» TASK DESCRIPTION
Everything from the line containing "with every flash." through the line containing "Вчера вечером выбрался" in the listing below should be copied exactly, and nothing more.

» EXTRACTED INFORMATION
◇ ◇ ◇ ◇ ◇

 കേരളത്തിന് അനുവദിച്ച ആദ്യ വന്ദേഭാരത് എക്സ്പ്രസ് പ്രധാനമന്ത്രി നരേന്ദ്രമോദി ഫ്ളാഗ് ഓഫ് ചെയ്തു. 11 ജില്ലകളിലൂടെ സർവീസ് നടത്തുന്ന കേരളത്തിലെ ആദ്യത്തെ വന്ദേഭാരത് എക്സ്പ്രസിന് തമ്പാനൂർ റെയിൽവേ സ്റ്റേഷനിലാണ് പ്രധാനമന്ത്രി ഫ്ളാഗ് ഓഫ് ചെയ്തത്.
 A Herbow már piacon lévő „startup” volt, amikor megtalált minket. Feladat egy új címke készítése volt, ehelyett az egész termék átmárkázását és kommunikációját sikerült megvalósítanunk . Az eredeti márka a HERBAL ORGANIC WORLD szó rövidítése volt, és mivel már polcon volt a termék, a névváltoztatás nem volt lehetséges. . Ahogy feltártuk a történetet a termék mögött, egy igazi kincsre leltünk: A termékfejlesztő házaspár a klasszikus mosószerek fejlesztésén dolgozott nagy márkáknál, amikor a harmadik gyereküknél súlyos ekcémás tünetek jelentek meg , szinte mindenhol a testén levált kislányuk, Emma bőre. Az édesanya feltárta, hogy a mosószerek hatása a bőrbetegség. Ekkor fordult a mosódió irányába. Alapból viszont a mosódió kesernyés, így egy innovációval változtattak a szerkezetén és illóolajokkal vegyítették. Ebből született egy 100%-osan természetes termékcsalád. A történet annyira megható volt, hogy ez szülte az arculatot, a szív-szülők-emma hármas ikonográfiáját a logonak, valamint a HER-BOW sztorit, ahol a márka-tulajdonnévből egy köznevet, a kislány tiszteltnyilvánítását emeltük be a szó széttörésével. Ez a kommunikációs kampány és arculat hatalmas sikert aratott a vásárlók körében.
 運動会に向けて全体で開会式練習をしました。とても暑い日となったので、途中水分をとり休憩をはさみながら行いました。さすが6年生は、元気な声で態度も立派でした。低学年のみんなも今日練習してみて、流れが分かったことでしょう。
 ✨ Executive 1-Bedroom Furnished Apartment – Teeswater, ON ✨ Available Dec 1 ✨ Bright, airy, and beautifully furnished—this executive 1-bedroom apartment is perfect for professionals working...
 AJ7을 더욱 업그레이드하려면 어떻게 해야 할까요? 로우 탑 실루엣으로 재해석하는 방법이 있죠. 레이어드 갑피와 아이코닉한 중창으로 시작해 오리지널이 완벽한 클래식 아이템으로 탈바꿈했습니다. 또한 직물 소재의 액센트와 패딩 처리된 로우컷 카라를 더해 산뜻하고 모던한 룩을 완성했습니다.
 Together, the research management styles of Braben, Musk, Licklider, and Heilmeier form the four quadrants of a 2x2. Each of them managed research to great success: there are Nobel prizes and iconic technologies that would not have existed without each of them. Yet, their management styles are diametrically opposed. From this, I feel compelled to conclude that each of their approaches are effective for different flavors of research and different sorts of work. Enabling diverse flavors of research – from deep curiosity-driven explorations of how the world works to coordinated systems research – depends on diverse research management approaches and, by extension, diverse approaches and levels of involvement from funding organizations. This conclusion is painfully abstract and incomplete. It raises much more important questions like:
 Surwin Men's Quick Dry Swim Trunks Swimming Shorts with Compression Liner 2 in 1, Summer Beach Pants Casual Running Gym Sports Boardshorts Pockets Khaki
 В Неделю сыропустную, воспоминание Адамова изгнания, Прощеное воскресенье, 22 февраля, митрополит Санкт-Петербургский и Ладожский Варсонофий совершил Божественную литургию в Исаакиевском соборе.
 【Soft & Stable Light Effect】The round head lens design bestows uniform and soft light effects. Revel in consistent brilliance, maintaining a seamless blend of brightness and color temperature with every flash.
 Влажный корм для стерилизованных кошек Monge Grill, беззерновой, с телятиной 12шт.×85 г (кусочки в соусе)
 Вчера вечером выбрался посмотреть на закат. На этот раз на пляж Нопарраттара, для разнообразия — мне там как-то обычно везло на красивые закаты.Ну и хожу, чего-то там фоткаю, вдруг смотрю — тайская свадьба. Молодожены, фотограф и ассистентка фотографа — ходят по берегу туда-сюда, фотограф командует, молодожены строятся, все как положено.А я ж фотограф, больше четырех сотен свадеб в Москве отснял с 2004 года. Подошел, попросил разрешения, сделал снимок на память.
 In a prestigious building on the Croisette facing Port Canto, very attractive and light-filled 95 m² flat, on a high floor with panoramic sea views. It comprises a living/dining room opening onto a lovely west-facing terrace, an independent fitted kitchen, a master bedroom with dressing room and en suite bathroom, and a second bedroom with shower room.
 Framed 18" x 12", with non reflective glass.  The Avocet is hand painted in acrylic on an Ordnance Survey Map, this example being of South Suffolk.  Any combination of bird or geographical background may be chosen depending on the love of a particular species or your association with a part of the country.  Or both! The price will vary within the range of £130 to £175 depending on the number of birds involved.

◇ ◇ ◇ ◇ ◇

» SOLUTION FOR THIS EXERCISE
 【Soft & Stable Light Effect】The round head lens design bestows uniform and soft light effects. Revel in consistent brilliance, maintaining a seamless blend of brightness and color temperature with every flash.
 Влажный корм для стерилизованных кошек Monge Grill, беззерновой, с телятиной 12шт.×85 г (кусочки в соусе)
 Вчера вечером выбрался посмотреть на закат. На этот раз на пляж Нопарраттара, для разнообразия — мне там как-то обычно везло на красивые закаты.Ну и хожу, чего-то там фоткаю, вдруг смотрю — тайская свадьба. Молодожены, фотограф и ассистентка фотографа — ходят по берегу туда-сюда, фотограф командует, молодожены строятся, все как положено.А я ж фотограф, больше четырех сотен свадеб в Москве отснял с 2004 года. Подошел, попросил разрешения, сделал снимок на память.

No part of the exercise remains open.